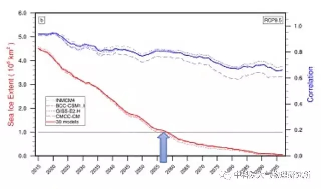 预测北极夏季无冰时间,摘自 Liu et al., 2013
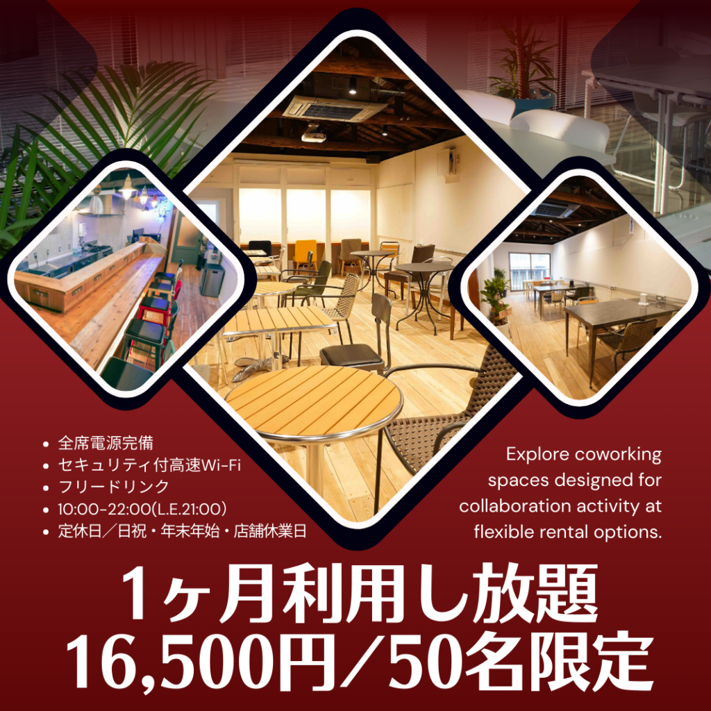 コンセントカフェでは、ヘビーユーザーのお客様や、セカンドオフィス、サードプレイスをお探しの方に、月額定期券を発売しております。月額16,500円で、利用可能時間内(店舗休業日・日祝・貸切営業日を除く)は利用し放題となります。
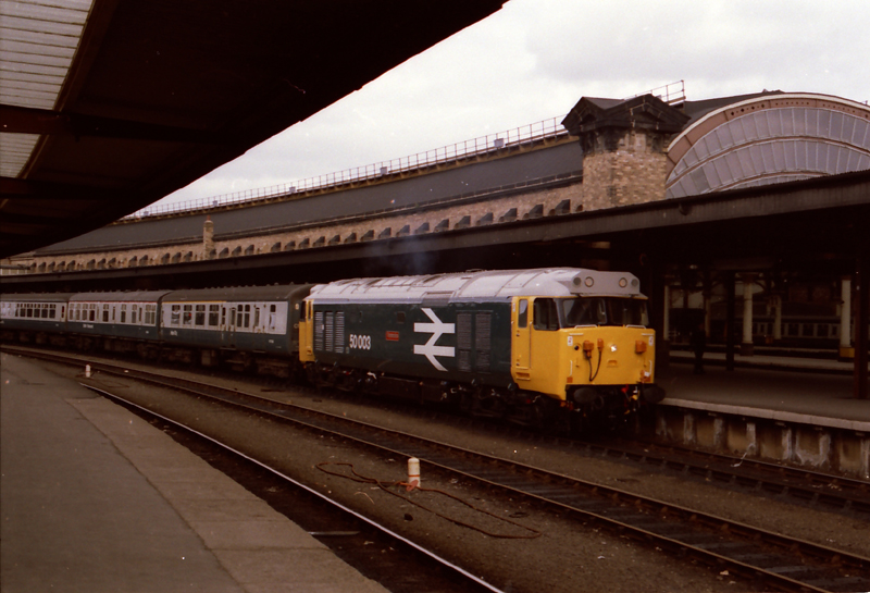 Ex works 50003 at York with 1V92 1428 York-Plymouth, 110484
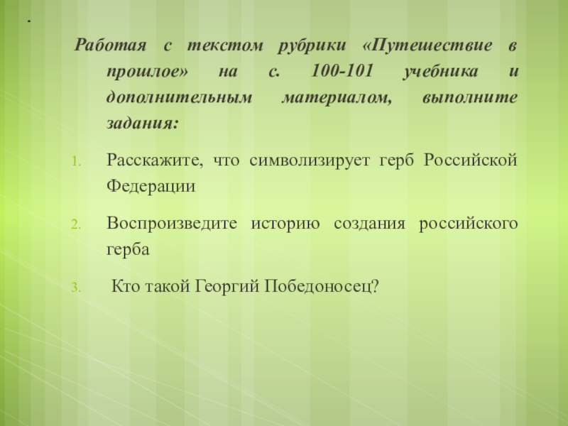 Работая с текстом рубрики «Путешествие в прошлое» на с. 100-101 учебника и дополнительным материалом, выполните задания:Расскажите, что
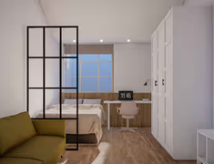 公寓提供Studio 房型,独立卫浴、独立厨房,为学生提供更私密和自在的个人空间。 房间配有双人床、书桌椅、衣柜、穿衣镜等,有充足的储物空间。厨房配有灶台、冰箱、烤箱等。
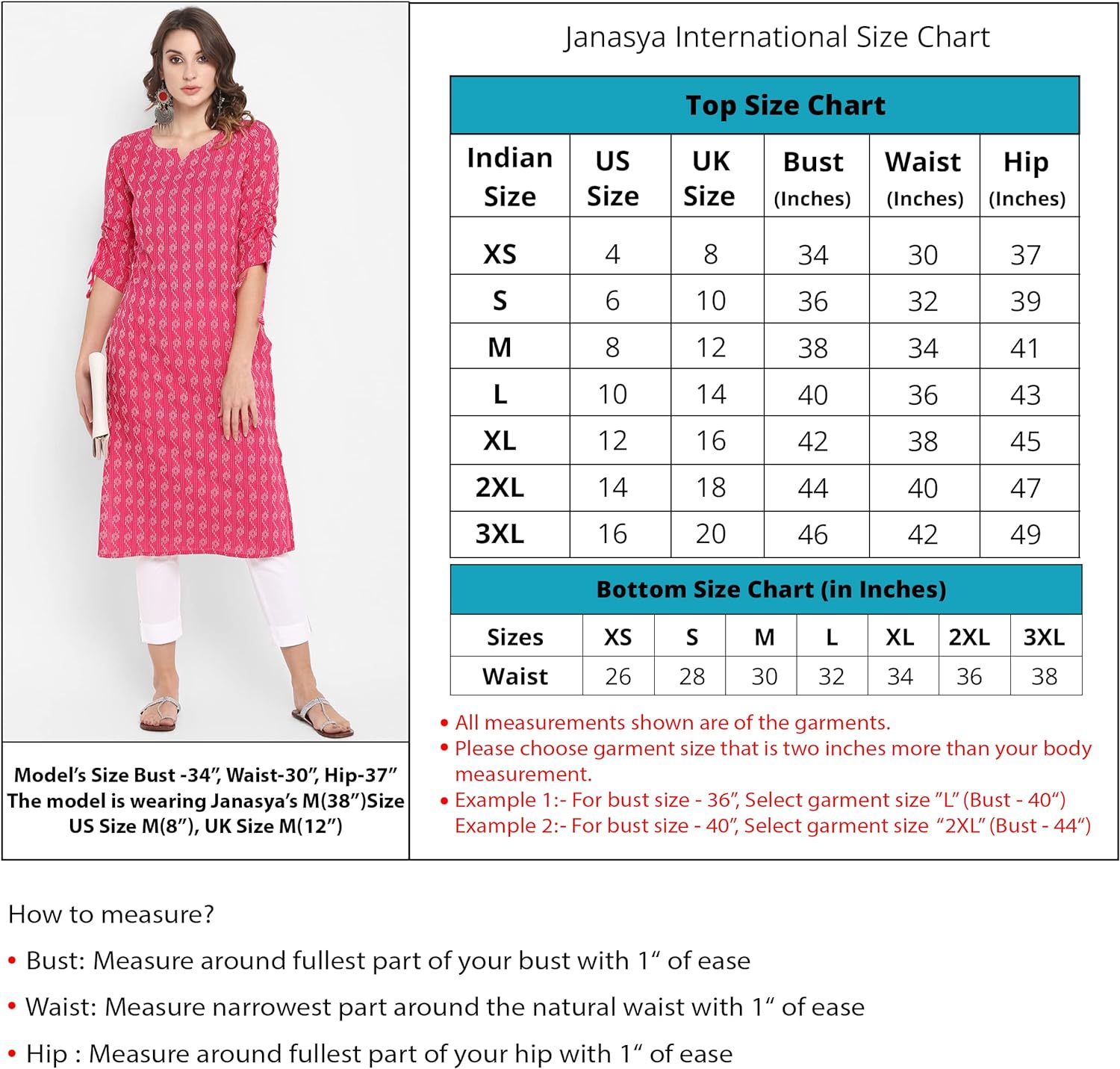 - Care Instructions: Handwash., Size Declaration: Please choose garment size that is two inches more than your body measurement.e.g:-For Bust size -36(S),Select garment size-38''(M)., Colour Declaration: There might be slight variation in the actual color of the product due to different screen resolutions., Remark: The Model ( height 5'8") is wearing a size "S", Accessories is just for presentation, it is not included with this product.

> **Problem requirements**: Output the records verbatim without pictures.

> **Finished task**:
 预测北极夏季无冰时间,摘自 Liu et al., 2013
 コンセントカフェでは、ヘビーユーザーのお客様や、セカンドオフィス、サードプレイスをお探しの方に、月額定期券を発売しております。月額16,500円で、利用可能時間内(店舗休業日・日祝・貸切営業日を除く)は利用し放題となります。
 Ex works 50003 at York with 1V92 1428 York-Plymouth, 110484
 Работая с текстом рубрики «Путешествие в прошлое» на с. 100-101 учебника и дополнительным материалом, выполните задания:Расскажите, что
 公寓提供Studio 房型,独立卫浴、独立厨房,为学生提供更私密和自在的个人空间。 房间配有双人床、书桌椅、衣柜、穿衣镜等,有充足的储物空间。厨房配有灶台、冰箱、烤箱等。
 - Care Instructions: Handwash., Size Declaration: Please choose garment size that is two inches more than your body measurement.e.g:-For Bust size -36(S),Select garment size-38''(M)., Colour Declaration: There might be slight variation in the actual color of the product due to different screen resolutions., Remark: The Model ( height 5'8") is wearing a size "S", Accessories is just for presentation, it is not included with this product.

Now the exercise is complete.